:: Dataset records ::
▼

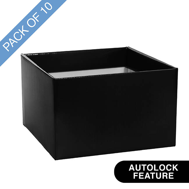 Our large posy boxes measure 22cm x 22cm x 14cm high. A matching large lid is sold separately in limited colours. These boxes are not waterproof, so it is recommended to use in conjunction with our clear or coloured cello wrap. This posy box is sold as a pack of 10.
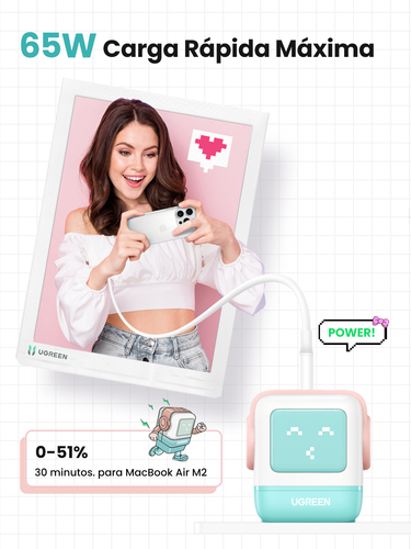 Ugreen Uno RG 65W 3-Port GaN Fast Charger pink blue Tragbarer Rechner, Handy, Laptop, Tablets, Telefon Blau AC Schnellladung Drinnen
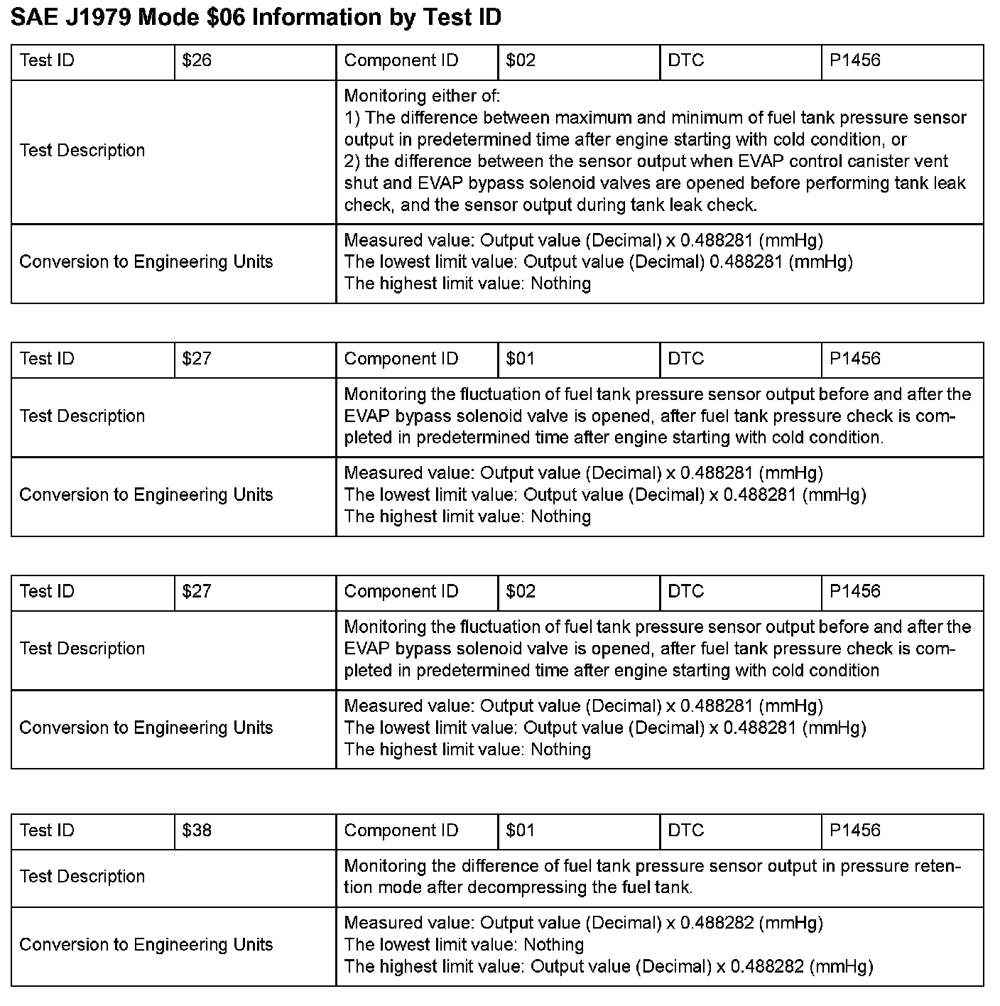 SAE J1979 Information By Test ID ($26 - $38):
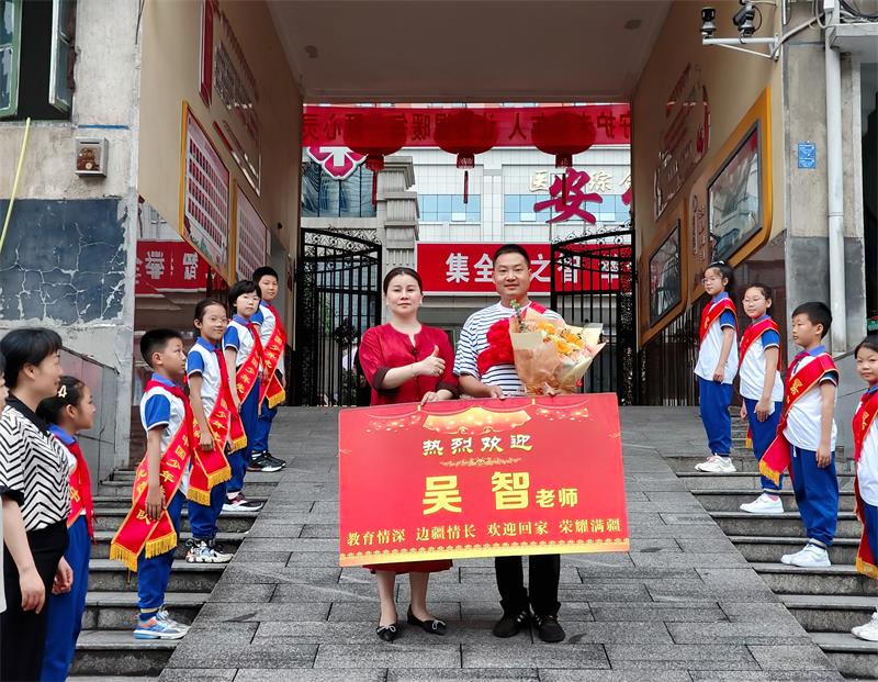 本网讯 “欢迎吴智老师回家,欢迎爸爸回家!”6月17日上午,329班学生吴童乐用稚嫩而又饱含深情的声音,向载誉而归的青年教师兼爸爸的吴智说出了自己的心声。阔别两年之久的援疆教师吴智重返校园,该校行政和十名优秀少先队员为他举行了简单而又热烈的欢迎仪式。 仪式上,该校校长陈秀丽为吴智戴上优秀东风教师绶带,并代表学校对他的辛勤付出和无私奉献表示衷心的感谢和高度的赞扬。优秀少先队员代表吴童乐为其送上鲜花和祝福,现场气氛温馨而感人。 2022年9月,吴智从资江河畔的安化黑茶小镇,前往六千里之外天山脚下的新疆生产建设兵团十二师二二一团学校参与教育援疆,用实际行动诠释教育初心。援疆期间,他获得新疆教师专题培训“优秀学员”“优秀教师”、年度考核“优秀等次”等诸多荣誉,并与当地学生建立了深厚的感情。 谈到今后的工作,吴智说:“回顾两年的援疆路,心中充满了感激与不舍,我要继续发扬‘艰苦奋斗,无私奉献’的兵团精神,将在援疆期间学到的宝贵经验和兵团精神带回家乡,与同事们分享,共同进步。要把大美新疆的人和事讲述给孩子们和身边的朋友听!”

▲
▼

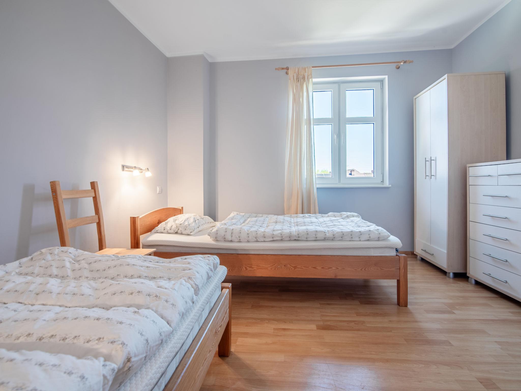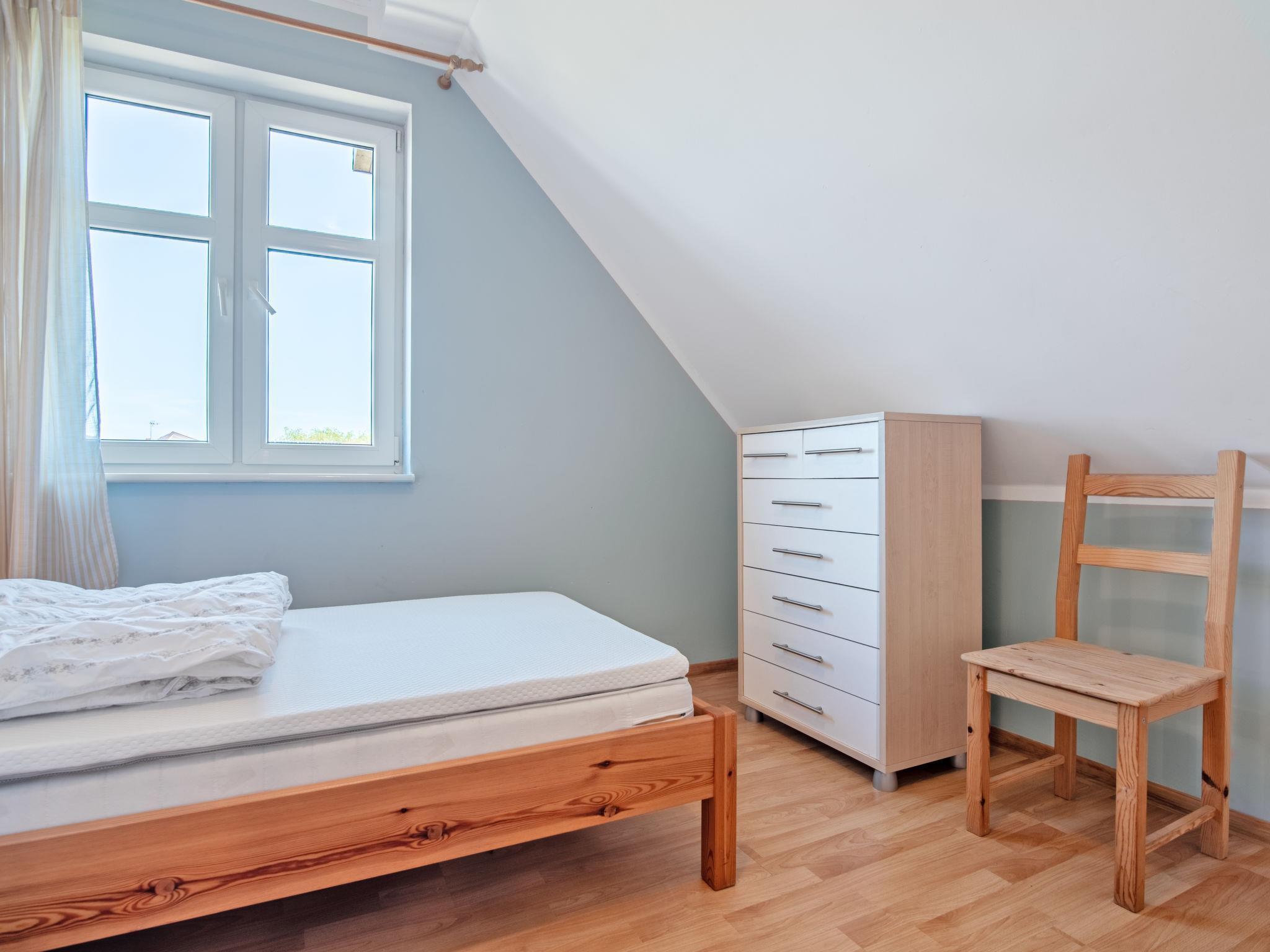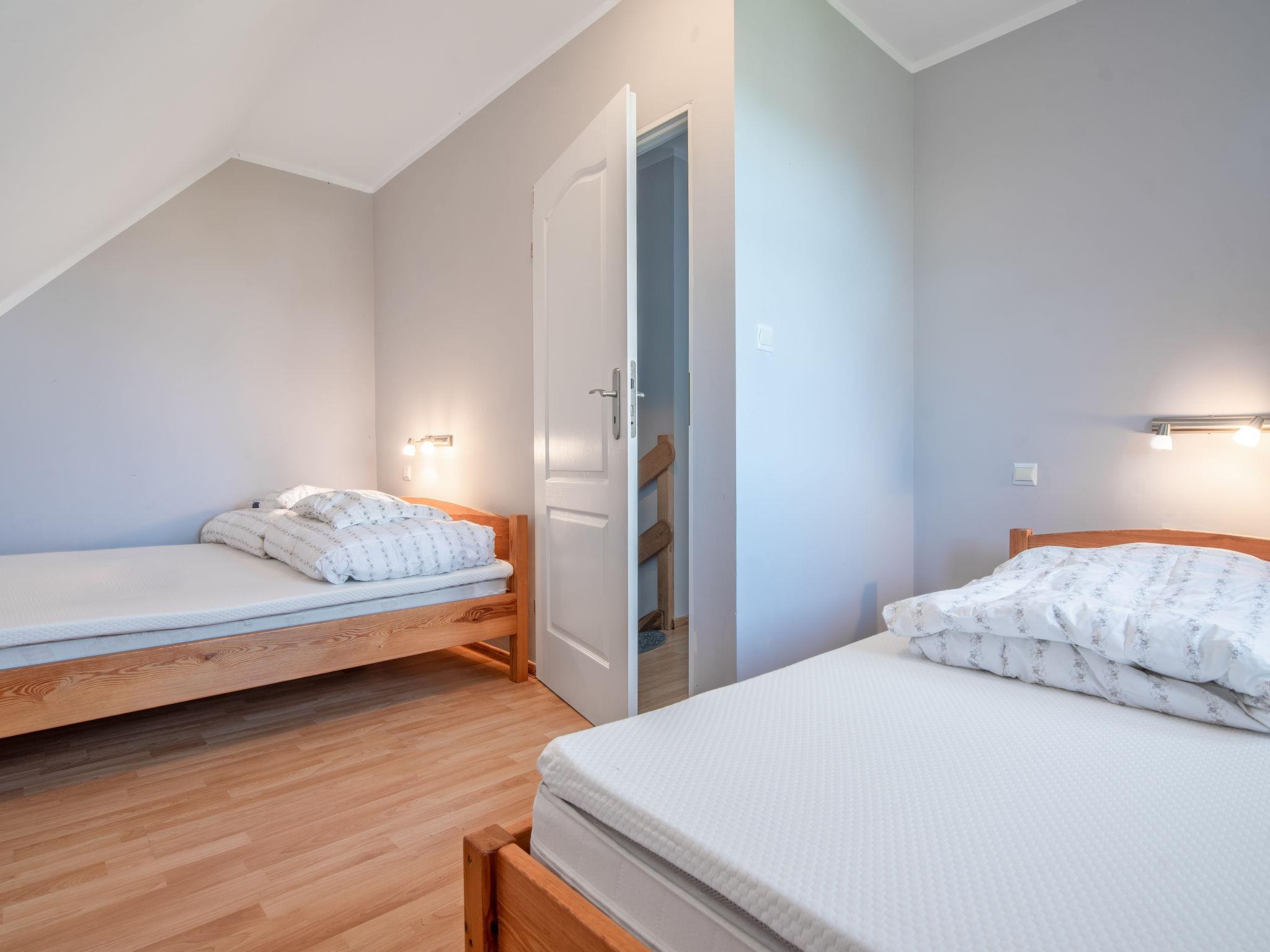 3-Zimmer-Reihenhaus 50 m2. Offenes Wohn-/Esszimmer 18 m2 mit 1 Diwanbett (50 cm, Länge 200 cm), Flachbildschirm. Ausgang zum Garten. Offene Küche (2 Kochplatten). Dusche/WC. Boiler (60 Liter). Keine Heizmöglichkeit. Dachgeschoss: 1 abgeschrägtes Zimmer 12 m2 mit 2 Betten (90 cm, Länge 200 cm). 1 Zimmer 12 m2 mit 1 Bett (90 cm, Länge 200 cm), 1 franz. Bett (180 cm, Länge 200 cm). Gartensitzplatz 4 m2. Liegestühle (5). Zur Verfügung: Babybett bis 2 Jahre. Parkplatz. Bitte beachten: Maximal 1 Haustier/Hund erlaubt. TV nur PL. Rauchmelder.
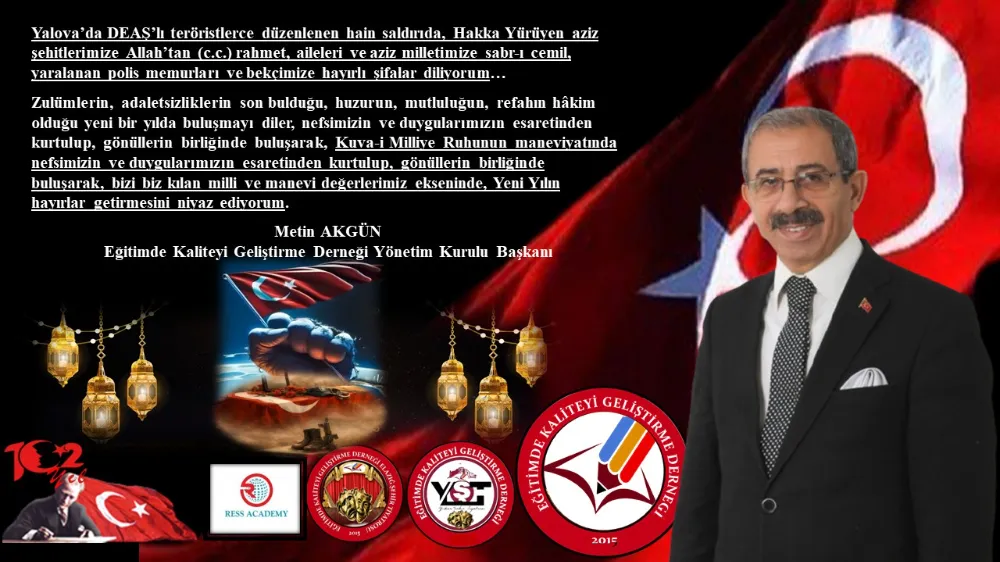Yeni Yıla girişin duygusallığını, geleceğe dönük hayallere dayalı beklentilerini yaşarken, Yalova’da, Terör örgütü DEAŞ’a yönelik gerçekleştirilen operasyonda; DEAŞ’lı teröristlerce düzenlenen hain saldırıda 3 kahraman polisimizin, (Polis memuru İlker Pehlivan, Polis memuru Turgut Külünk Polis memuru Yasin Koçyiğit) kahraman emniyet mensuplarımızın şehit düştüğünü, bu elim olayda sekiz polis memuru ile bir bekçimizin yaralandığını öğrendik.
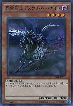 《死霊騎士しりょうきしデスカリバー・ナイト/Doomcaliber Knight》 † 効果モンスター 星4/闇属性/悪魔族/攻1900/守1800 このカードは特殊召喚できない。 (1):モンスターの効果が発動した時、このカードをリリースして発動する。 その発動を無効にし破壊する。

▲
▼

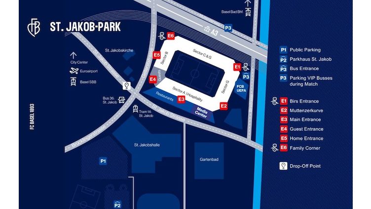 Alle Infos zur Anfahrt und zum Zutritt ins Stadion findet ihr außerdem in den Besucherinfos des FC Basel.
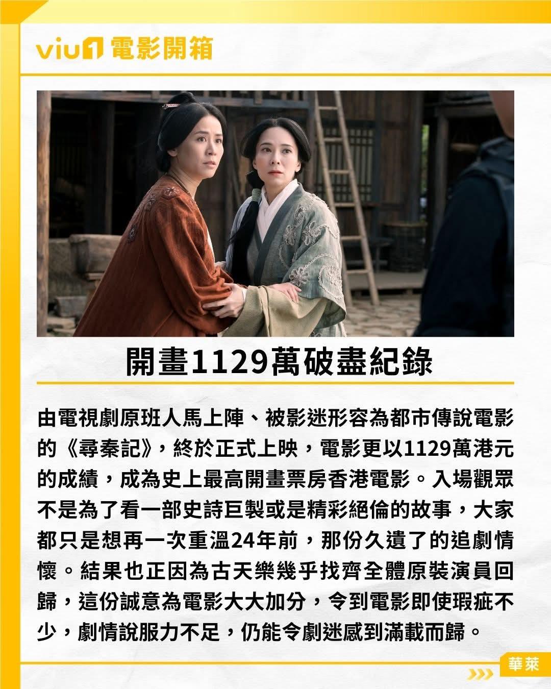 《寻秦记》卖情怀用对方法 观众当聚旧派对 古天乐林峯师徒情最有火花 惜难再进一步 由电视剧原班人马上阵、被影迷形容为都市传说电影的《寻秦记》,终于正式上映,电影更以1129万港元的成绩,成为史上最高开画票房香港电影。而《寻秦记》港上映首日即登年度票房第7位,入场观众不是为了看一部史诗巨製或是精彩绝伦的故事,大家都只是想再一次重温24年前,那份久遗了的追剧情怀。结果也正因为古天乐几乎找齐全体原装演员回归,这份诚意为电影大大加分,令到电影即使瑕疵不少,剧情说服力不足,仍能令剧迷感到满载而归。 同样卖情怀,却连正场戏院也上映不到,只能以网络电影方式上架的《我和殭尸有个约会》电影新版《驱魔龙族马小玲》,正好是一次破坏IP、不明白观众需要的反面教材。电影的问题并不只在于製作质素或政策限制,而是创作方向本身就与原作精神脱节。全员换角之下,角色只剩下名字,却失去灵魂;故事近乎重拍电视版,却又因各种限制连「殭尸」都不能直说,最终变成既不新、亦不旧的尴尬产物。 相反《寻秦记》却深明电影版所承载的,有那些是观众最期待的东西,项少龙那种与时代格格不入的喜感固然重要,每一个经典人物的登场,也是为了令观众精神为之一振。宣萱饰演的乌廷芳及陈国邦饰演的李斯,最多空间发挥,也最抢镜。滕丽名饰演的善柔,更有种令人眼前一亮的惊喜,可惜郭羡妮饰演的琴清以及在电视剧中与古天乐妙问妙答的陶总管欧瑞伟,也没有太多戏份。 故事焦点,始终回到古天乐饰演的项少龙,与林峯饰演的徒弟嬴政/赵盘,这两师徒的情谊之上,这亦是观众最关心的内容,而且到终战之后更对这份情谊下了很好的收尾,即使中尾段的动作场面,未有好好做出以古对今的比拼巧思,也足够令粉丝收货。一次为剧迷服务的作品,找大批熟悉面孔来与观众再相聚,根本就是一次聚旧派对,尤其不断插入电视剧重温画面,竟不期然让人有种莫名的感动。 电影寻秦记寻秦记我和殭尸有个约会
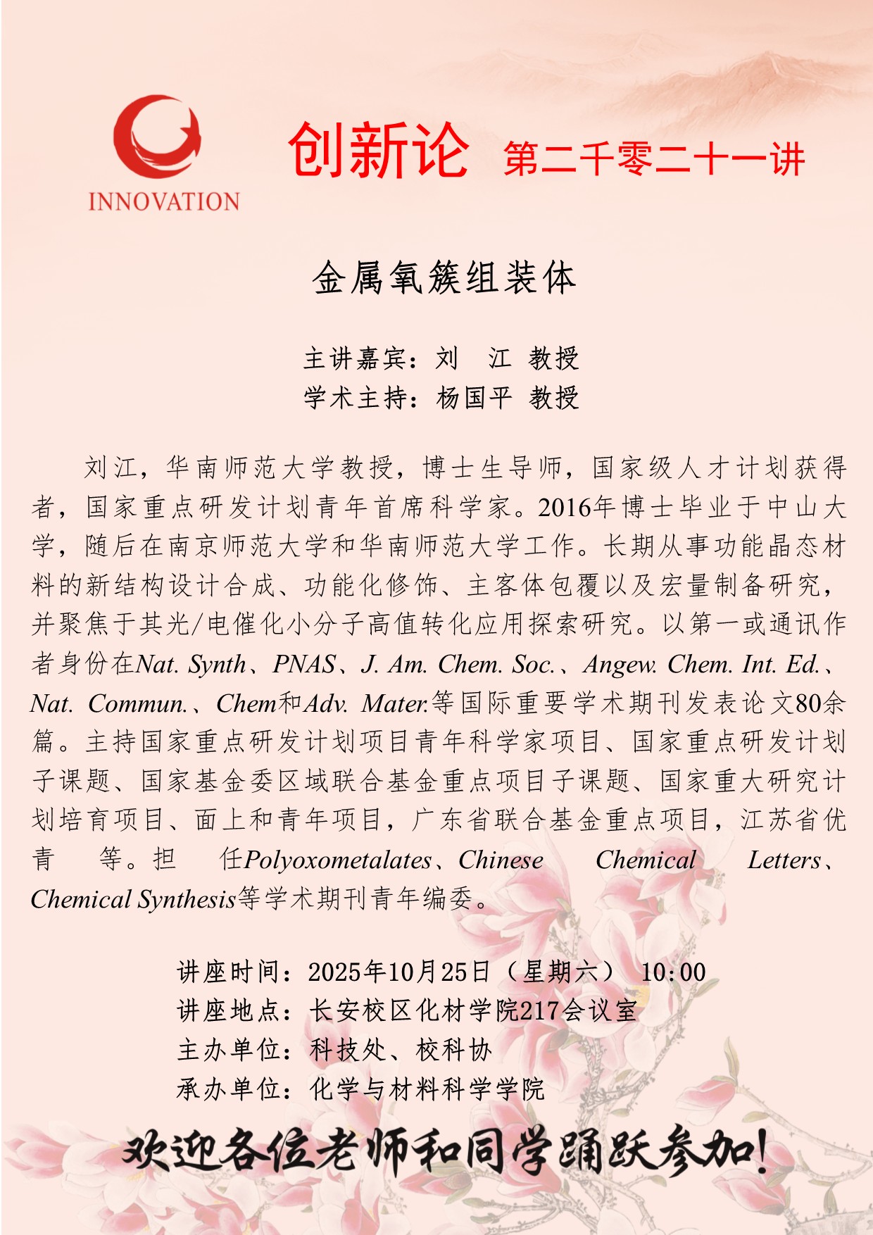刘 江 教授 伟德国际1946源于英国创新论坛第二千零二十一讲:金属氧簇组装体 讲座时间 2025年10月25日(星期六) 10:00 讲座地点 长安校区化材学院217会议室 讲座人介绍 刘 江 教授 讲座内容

▲

:: Your goal ::
Using the data above, which lines fall from the one with "Our large posy" through the one with "SAE J1979 Information"? Repeat them exactly, ends included, minus any pictures.

:: Answer section ::
 Our large posy boxes measure 22cm x 22cm x 14cm high. A matching large lid is sold separately in limited colours. These boxes are not waterproof, so it is recommended to use in conjunction with our clear or coloured cello wrap. This posy box is sold as a pack of 10.
 Ugreen Uno RG 65W 3-Port GaN Fast Charger pink blue Tragbarer Rechner, Handy, Laptop, Tablets, Telefon Blau AC Schnellladung Drinnen
 SAE J1979 Information By Test ID ($26 - $38):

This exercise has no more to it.